Multitasking is out. Focus is in.
Do you understand what focus in your organization and on your team means? Make sure you are able to continue to engage a highly productive team by applying these six fundamentals of focus.
1. Everyone is focused
Everyone is focused on something. The problem is: are they focused on their most valuable and profitable activities? Are they focused on their home life? Are they focused on their worries and concerns? Are they focused on how to get ahead and not necessarily how to create results?
Everybody is focused, it is directing that focus that can get a little tricky for managers.
2. Not everyone is focused on the right thing
You can’t assume that the people on our team are focused on the right things.
There was a woman on an assembly line that was turning out products at a 93% defective rate. That means of the products that came off her line, 93% did not meet quality standards! When it was discovered, her manager asked, “Why didn’t you say anything?” And her response was, “Nobody asked.” Because nobody asked, she assumed that her focus was correct.
Focus is about being sure you’re doing the right things in the right ways and creating the right results with your time. Putting in the time doesn’t mean much if that time is spent focusing on the wrong thing. Get your team focused on the right things by working together to list their most valuable and profitable activities.
3. What you allow, you condone
People do things that may not be the right thing for the growth of the organization. They may be missing important deadlines because they’ve been focused on personal issues or procrastinating or because they are unknowingly focusing on the wrong activities rather than an important deliverable.
If you don’t say anything, they assume approval or consent by silence. You might figure that, over time, they’ll figure out they shouldn’t be doing it. But if you allow it, you condone it. If you condone it, they’ll keep doing it. You need to Tweet this: be clear on the things people are doing that are an ineffective or inefficient focus of their time.
4. What you celebrate, you encourage
Conversely, Tweet this: celebration focuses attention. What gets attention gets done. What we celebrate gets repeated. Just as silence suggests approval, celebration focuses on the good that people are doing and should keep doing.

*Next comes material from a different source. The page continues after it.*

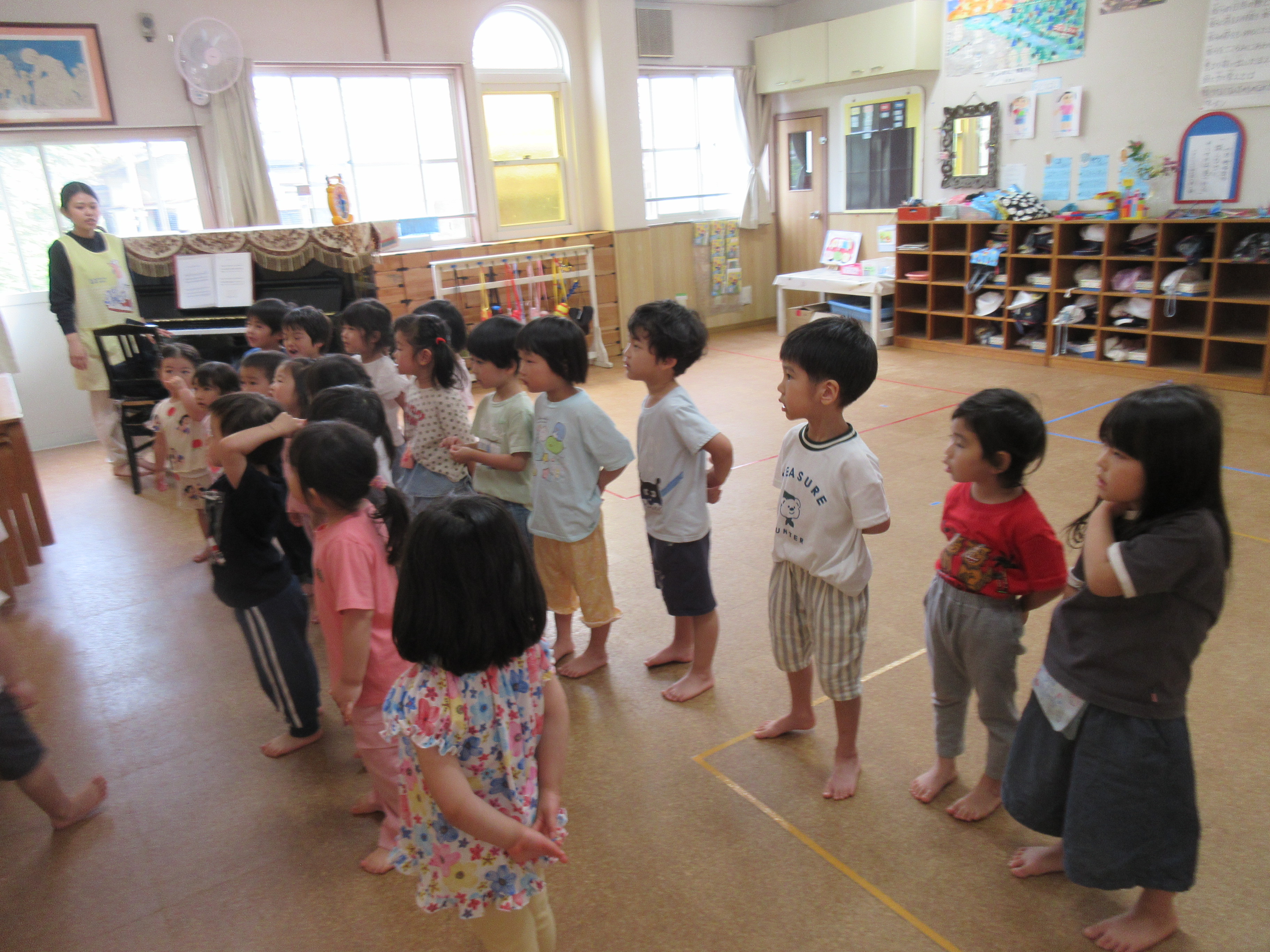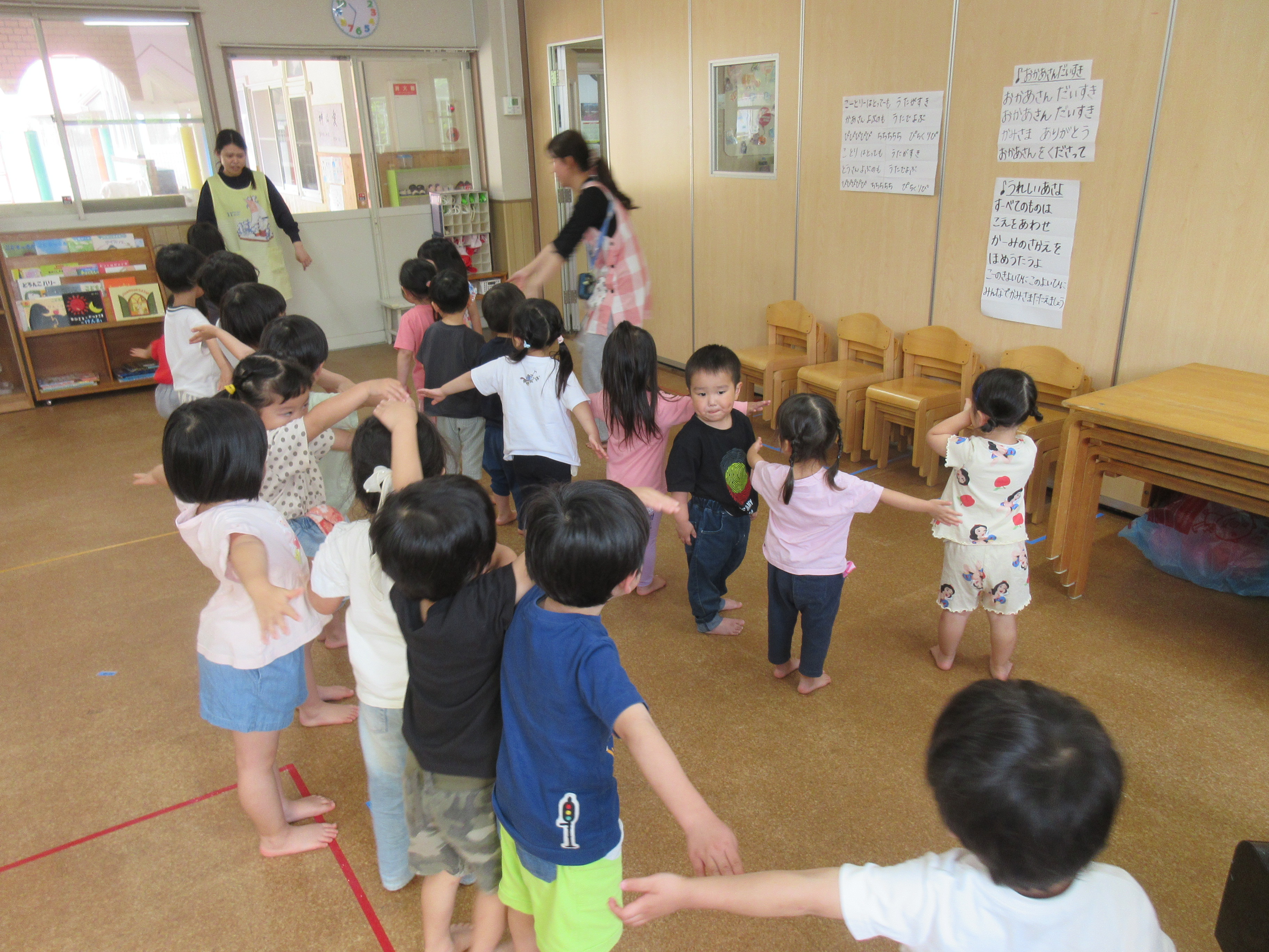 今日からはだし保育がスタートしました(^^)/「気持ちいいね」「ひんやりするよ」など裸足の感触をお話ししてくれる子どもたちでした♪戸外遊びでは、少し歩きにくそうにしている子もいましたが元気いっぱい園庭を走りまわる子どもたちでした(^_^)/~

5. Don’t expect what you don’t inspect
How often do you find out too late that what you thought was being done wasn’t?
There is a fine line between inspection and micromanagement, but the important distinction is the placement of responsibility and then follow-up. You don’t necessarily have to tell your people how to do what you want them to do, or you don’t need to be looking over their shoulder as they are doing it. However, you do need to make sure that you are following-up on delegated responsibilities. Accountability is a key facet of responsibility.
6. Behavior is always believed over words
The old phrase is monkey see, monkey do, not monkey hear, monkey do.
Leaders and managers tend to think that if you just say it enough, people will buy in. But people are listening to your words and watching your behaviors. That means it’s necessary to be as focused as you expect your team to be.